На дедушке-солдате была старая мятая ушанка со звёздочкой, прожжённый ватник без погон, широченные штаны с заплатками на коленках, огромные ботинки на заклёпках да обмотки, в которых ноги казались кривыми и тонкими.
Тимоша любил эту фотографию. Недаром она висела над его кроватью. Засыпая, он подолгу смотрел на своего дедушку и был уверен, что солдат на фотографии видит и слышит всё, что происходит в доме, и даже знает, о чём Тимоша думает и мечтает.
А когда на фотографию падали солнечные лучи, мальчику казалось, что солдат улыбается ему и даже подмигивает: «Не горюй!» И странное дело: рядом с этой выцветшей фотографией тускнели самые яркие картинки и открытки…
Нет, не то чтобы они вправду блёкли.
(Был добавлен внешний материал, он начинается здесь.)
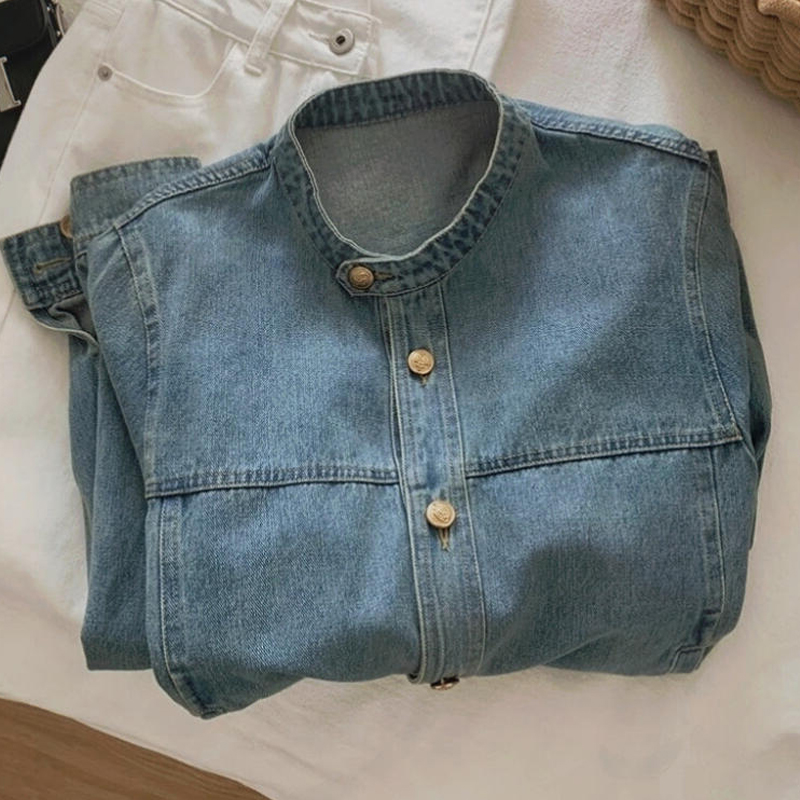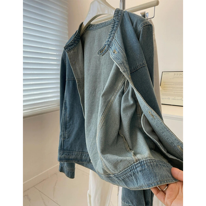 자기 유지 추천 ~ 블루 데님 코트 여성의 2025 년 봄과 가을 새로운 느슨한 슬림 코트스토어 가기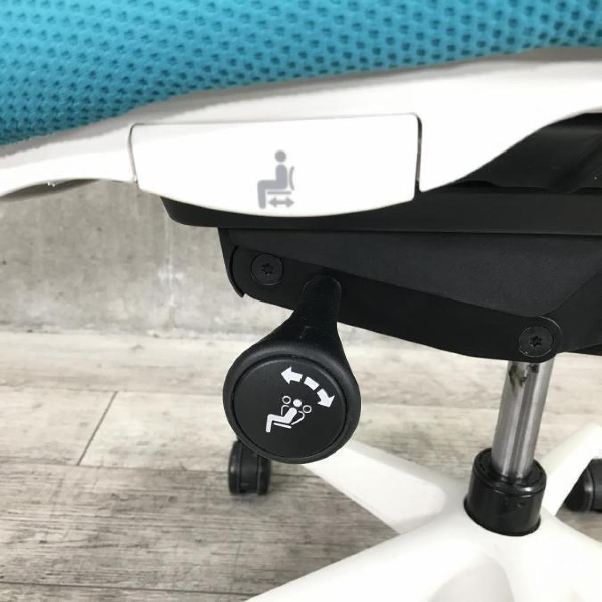 - 座面右下のダイヤル操作で、リクライニングの強弱調整が行えます。これまでのダイヤル式よりも、少ない回転数で、最弱?最強の調整が可能です。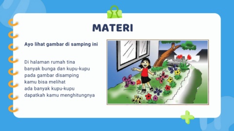 MATERI Ayo lihat gambar di samping ini Di halaman rumah tina banyak bunga dan kupu-kupu pada gambar disamping kamu bisa melihat ada banyak kupu-kupu dapatkah kamu menghitungnya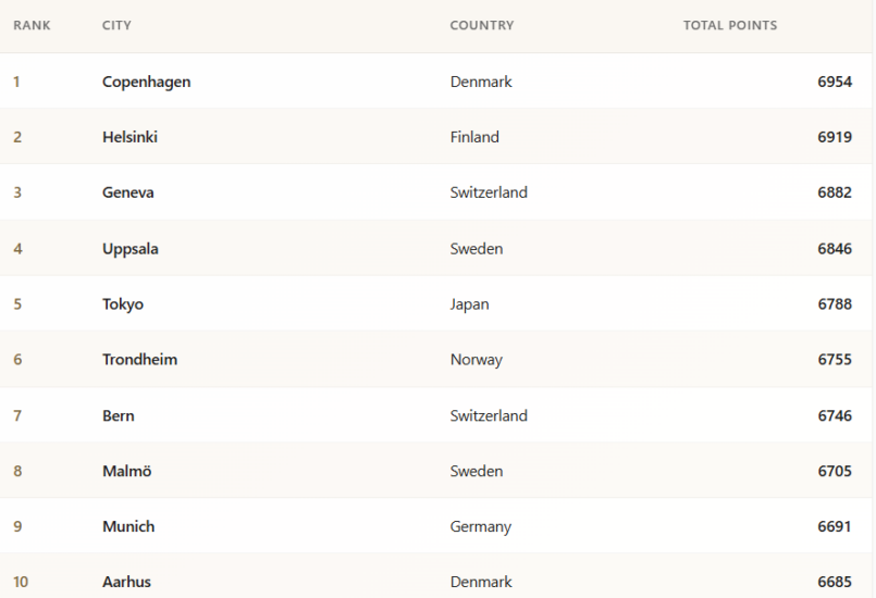 Në 10-shen kryesore ndodhen nga dy qytete të Danimarkës, Suedisë dhe Zvicrës. Përveç Tokios që zë vendin e pestë, ky grup dominohet nga Helsinki, Gjeneva dhe Uppsala në Suedi, pastaj Trondheim në Norvegji, kryeqyteti zviceran Bern, Malmo, Mynihu, Aarhus (Danimarkë) dhe Zyrihu në vendin e 11-të.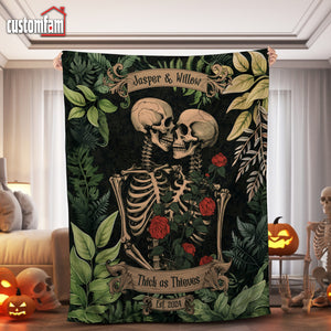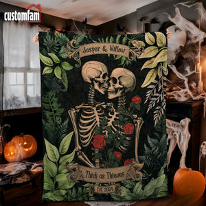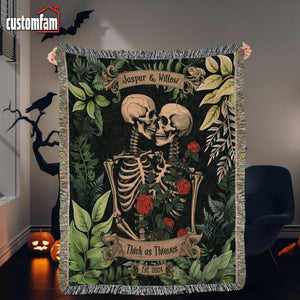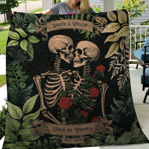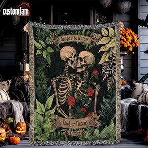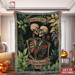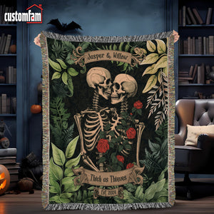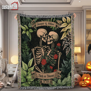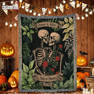 Thick As Thieves Lovers Skull Woven Blanket, Skeleton Blanket, Halloween Room Decor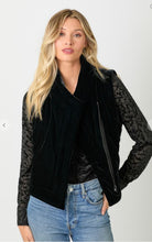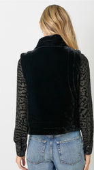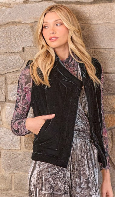 Velvet Puffer Vest Diagonal front Zipper closure Front side pockets -Model is wearing Latte and Black with 57704 shirt / Black with 60776 top and 60785 jumpsuit, Emerald with 60776 top -Self 95% Polyester, 5% Spandex / Lining 100% Polyester -Model wears: S / Model height: 5' 9"
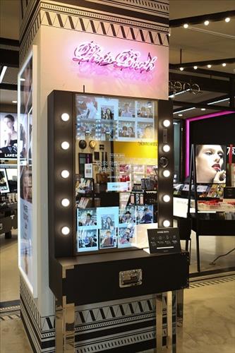 매장 안에는 카메라가 장착된 '메이크업 미러(거울)'가 설치돼 고객이 피부톤을 측정하고 그에 맞는 화장품을 고를 수 있다. 고른 제품을 거울 앞 선반에 올려두면 해당 제품의 사용법과 온라인 구매 후기가 거울에 뜬다.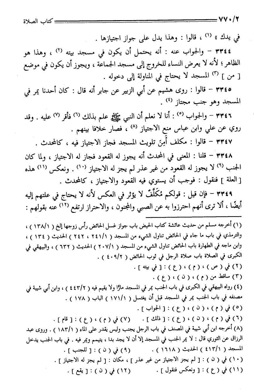 3346 - والجواب: أنا لا نعلم أن النبي - صلى الله عليه وسلم - علم بذلك فأقر عليه. وقد روي عن علي وابن عباس منع الاجتياز، فصار خلافا بينهم.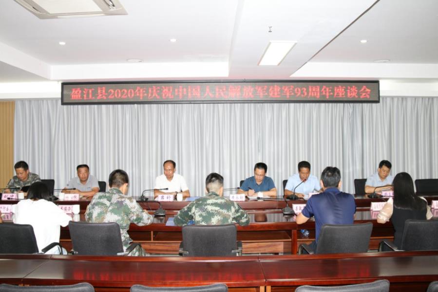 7月30日下午,县委、县人大常委会、县人民政府、县政协领导、县直各有关单位及三家常驻盈江军队单位代表,在行政中心召开了庆祝中国人民解放军建军93周年座谈会。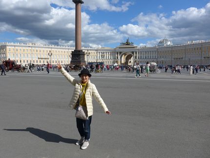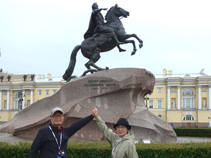 乗船初日、ひょんなことからC旅行社の添乗員Mさんと知り合いました。 (6日目)サンクトペテルブルグ![]() ![]() 12年前に来たロシアのサンクトペテルブルグに入港、聖イサク寺院とデカプリスト広場は初めての訪問。 ピョートル大帝像と記念写真。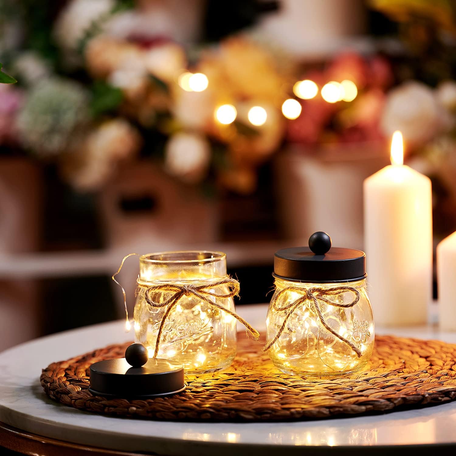 • ✔️Versatile Gift Idea: Ideal for a variety of occasions, this bathroom organizer and storage set is perfect for weddings, housewarming events, birthdays, Mother's Day, Thanksgiving Day, Christmas, New Year, bridal showers, and baby showers. It also makes an excellent gift for mothers, friends, sisters, co-workers, or anyone else, suitable for use throughout the year. The package includes: 2 pack glass mason jars with stainless steal lids. 2 Decorative Twines. 2 Cute Label Stickers.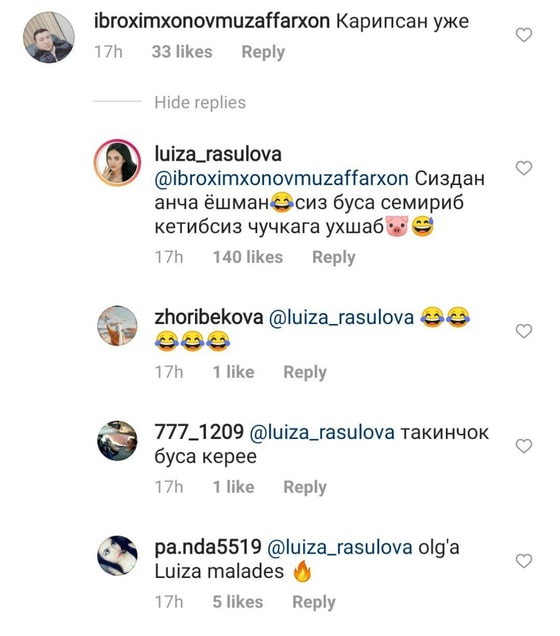 В комментариях фолловеры поддержали ответ девушки на комментарий.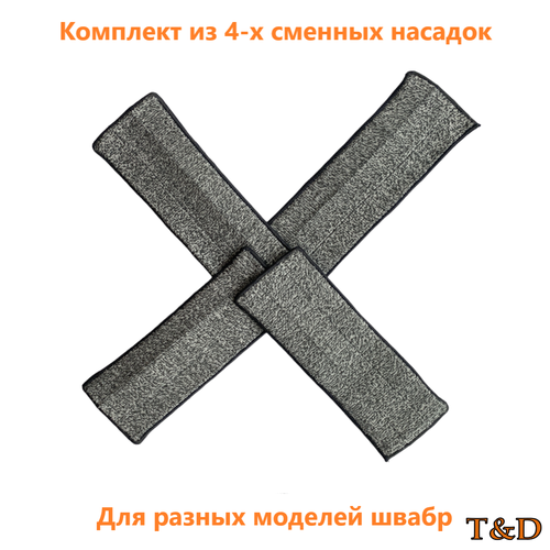Сменная насадка тряпка микрофибра на швабру с отжимом 4 штуки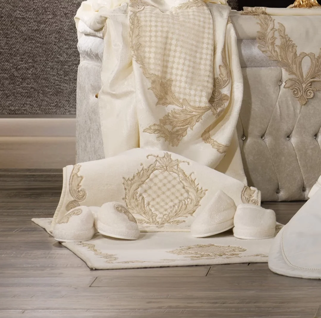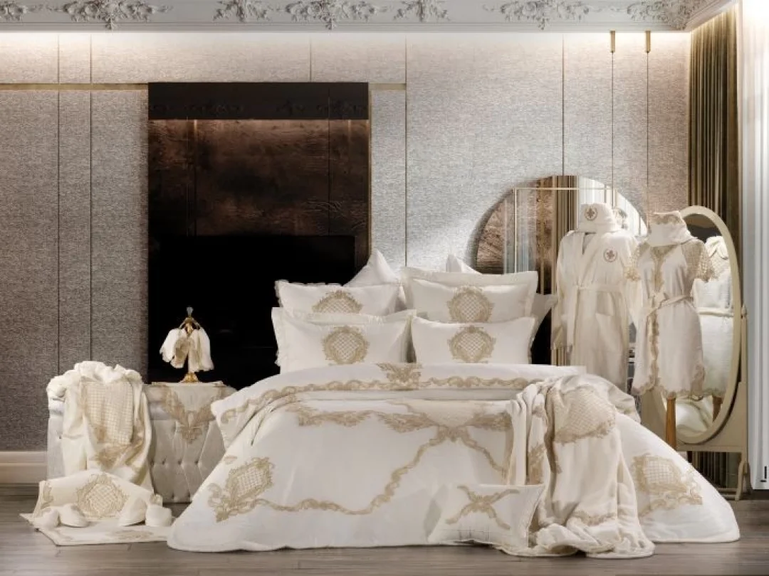 Zebra Casa Ornella Çeyiz Seti toplamda 23 Parçadan oluşmaktadır. Yatak örtüsü iç dolgusu elyaflıdır. Setin üzerindeki tüm danteller Zebra Casa'nın kendi üretimi kabartmalı dantel kullanılmıştır. Battaniye kenarında ekstradan parlak telkari dantel süslemesi kullanılmıştır. Paspaslar %100 pamuktan üretilmiştir. Bornoz ve havlu ürünleri %70Bambu ve %30 Pamuktan üretilmiştir. Nevresim kumaşı %100 Pamuktur.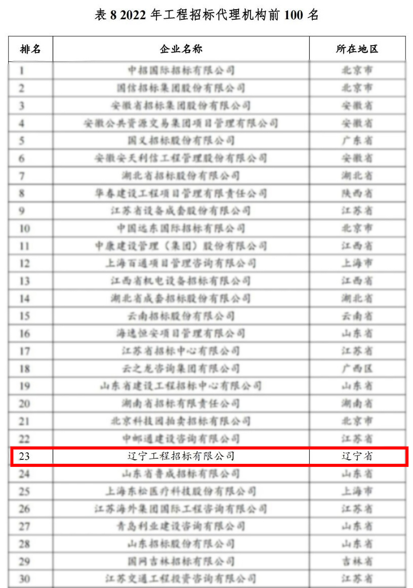 2023年8月,中國(guó)土木工程學(xué)會(huì)建筑市場(chǎng)與招標(biāo)投標(biāo)研究分會(huì)組織編寫了2022年度工程招標(biāo)代理行業(yè)發(fā)展報(bào)告》,報(bào)告公布的2022年工程招標(biāo)代理機(jī)構(gòu)百?gòu)?qiáng)名單中,公司作為遼寧省唯一入選代理機(jī)構(gòu),榮獲全國(guó)23名。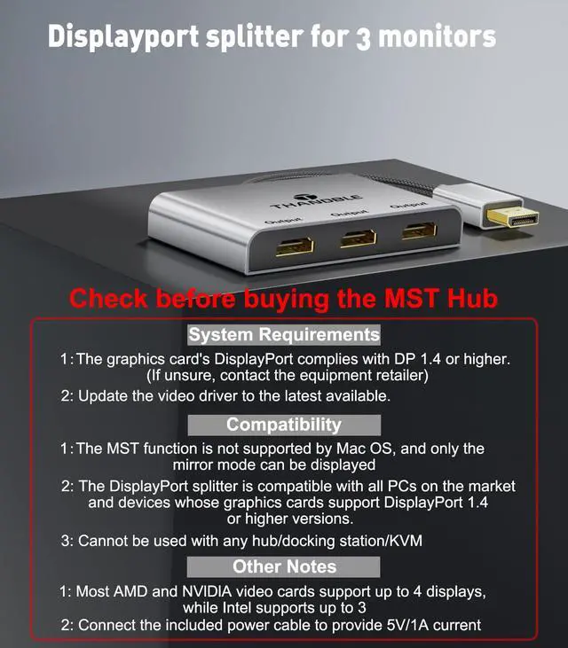 Multi-Screen Display Adapter: THANDBLE DisplayPort to HDMI MST Hub. It can connect your DP device to a maximum of three monitors to drive mirroring and extended modes. It is not compatible with Mac OS system. (Note: PCs with integrated GPUs can only support mirroring mode or can only extend one monitor)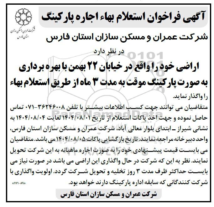 شرکت عمران و مسکن سازان استان فارس در نظر دارد اراضی خود را واقع در خیابان 22 بهمن با بهره برداری به صورت پارکینگ موقت به مدت 3 ماه از طریق استعلام بها را واگذار نماید. متقاضیان می توانند جهت کسب اطلاعات بیشتر با تلفن 36246008-071 تماس حاصل نموده و جهت اخذ پاکات استعلام از تاریخ 1404.8.1 الی 1404.8.4 به نشانی شیراز ابتدای بلوار معالی اباد شرکت عمران و مسکن سازان استان فارس واحد دبیرخانه مراجعه نمایند. تاریخ بازگشایی پاکات 1404.8.5 می باشد. متقاضیان می بایست قیمت پینشهادی خود را به صورت اجاره ماهیانه به این شرکت تحویل نمایند. نظر به اینکه شرکت در حال واگذاری این اراضی می باشد در صورت نیاز می بایست حداکثر ظرف مدت 3 روز تخلیه و تحویل شرکت گردد. اولویت واگذاری با شرکت کنندگانی که سابقه اداره پارکینگ دارند خواهد بود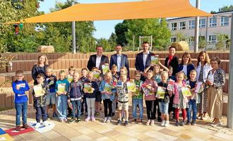 Gruppenbild mit Landrat Christian Jaschinski und Sparkassen-Vorstandsvorsitzender Frank Prescher (beiden hinten Mitte v.l.) an der Grundschule in Gröden.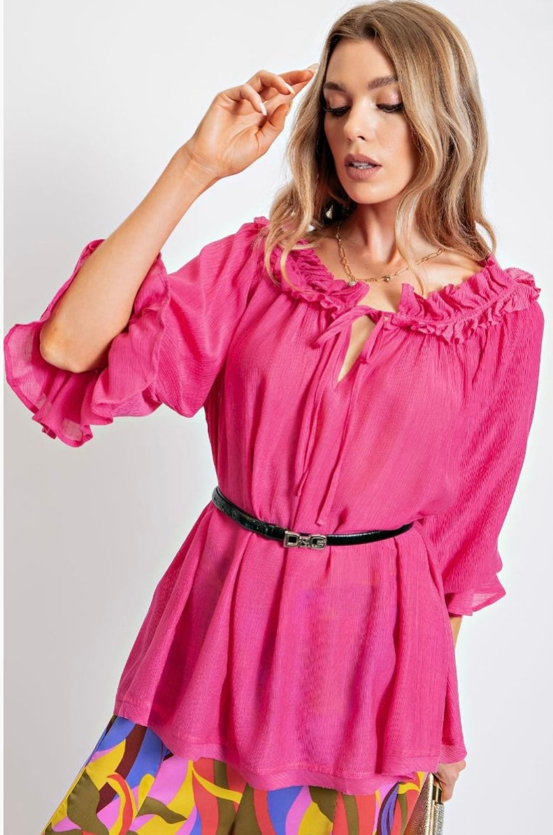 Flowy, flirty, and fabulously fuchsia—The Blushwave Blouse brings romantic ruffles, a keyhole neckline, and dreamy oversized vibes to every outfit.

Просто если они случайно попадали на стенку, где висел дедушкин портрет, то сразу как-то терялись: на них никто не обращал внимания и потом даже не мог вспомнить, что там было изображено.
Даже Маленького принца, так замечательно нарисованного писателем Сент-Экзюпери, пришлось перевесить подальше. Рядом с фотографией он был чем-то вроде рисунка на обоях… А вот фотографию Тимоша никогда не дал бы убрать. Рядом с нею ему было спокойно и даже болеть было легче…
Правда, мальчику было немножко обидно, что у солдата нет ни боевых орденов, ни автомата и на боку не револьвер, не сабля, а толстая тяжёлая санитарная сумка.
Глава вторая. Утро туманное
В то утро всё было как всегда. Тимоша ещё сквозь сон услышал, как переругиваются шёпотом старый Сурок и Будильник.
– Опять выключать! Не дамся! Не позволю! – бренчал всеми своими шестерёнками Будильник, бегая по комнате.
– Не убегай! Не убегай! – задыхался Иван Карлыч.– Остановись!
– Что это такое?! – возмущался Будильник.– Я точный! И выключать себя не позволю! Вчера выключил. Позавчера… Я – Будильник! Мой долг – будить, то есть звонить!
– Да пойми ты, консервная банка со стрелками! – не на шутку сердился Иван Карлыч.– Мальчик болен! Дай ты ему поспать… Не буди его!
Тут Тимоша сразу почувствовал, что ангина не прошла, а значит, в школу нельзя. Делать совершенно нечего…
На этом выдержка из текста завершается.